Emotion, Mood, and Personality: A Dynamic Systems Synthesis


Marc Lewis’ dynamic systems model of emotional self-organization provides a way of viewing emotion, mood, and personality as different aspects or levels of continuous processes rather than as discrete characteristics of the mind or person as conceptualized in traditional psychology. As Evan Thompson puts it, Lewis’ model includes these three time-scales of the microdevelopment of emotion at the scale of seconds or minutes, the mesodevelopment of mood at the scale of hours or days, and the macrodevelopment of personality.

Emotional processes are rapid emotional interpretations, which include a large cognitive component. Indeed, there is a large overlap between emotional and cognitive systems anatomically in the brain and phenomenologically in experience. What we call emotion is typically this emotional interpretation that includes both a raw affect and a cognitive appraisal of that affect. This emotional interpretation with its component parts in turn engages preparedness for action on the environment, creating a feedback loop.

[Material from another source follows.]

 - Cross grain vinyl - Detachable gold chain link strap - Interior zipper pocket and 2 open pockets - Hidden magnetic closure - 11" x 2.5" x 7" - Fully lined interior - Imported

These short time-scale emotional interpretations, which we all experience constantly throughout our conscious engagement with the world, can be seen as points in a state-space, the large-scale properties of which at any given time can be termed mood. Mood is this lasting effect of the accumulation of micro-emotional experiences.

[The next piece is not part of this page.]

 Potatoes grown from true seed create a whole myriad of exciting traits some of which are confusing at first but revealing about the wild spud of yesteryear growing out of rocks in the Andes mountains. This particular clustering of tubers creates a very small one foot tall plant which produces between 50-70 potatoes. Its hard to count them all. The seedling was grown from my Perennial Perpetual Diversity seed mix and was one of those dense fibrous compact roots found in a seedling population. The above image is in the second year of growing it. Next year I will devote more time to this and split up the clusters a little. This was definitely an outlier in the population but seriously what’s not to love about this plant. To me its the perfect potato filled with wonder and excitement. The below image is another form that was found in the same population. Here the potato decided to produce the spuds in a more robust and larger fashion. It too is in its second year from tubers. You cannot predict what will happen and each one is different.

At an even larger scale, personality can be viewed as the global properties of this state-space over large periods of time due to repeated emotional experiences and the subsequent moods that are enactivated because of these micro-experiences. Indeed, the moods further bias the mind-brain systems for further emotional and cognitive experiences of the same kind, again creating a feedback loop at this micro-meso level. Think of how negative emotional experiences can create a lasting mood that tends to keep one stuck in negative feelings and thoughts. Personality then is the macro-level properties and processes of these state-space patterns over an individual’s lifetime.

Again, feedback loops exist at each, and between each, level of this micro-meso-macro dynamic system. Each person will have a different profile and hence different characteristics of traits, biases, and tendencies that make them unique. Because of the continuity between these levels, potential interventions for change can work by manipulating aspects of the continuous flow of emotional interpretations in a bottom-up approach to personal transformation.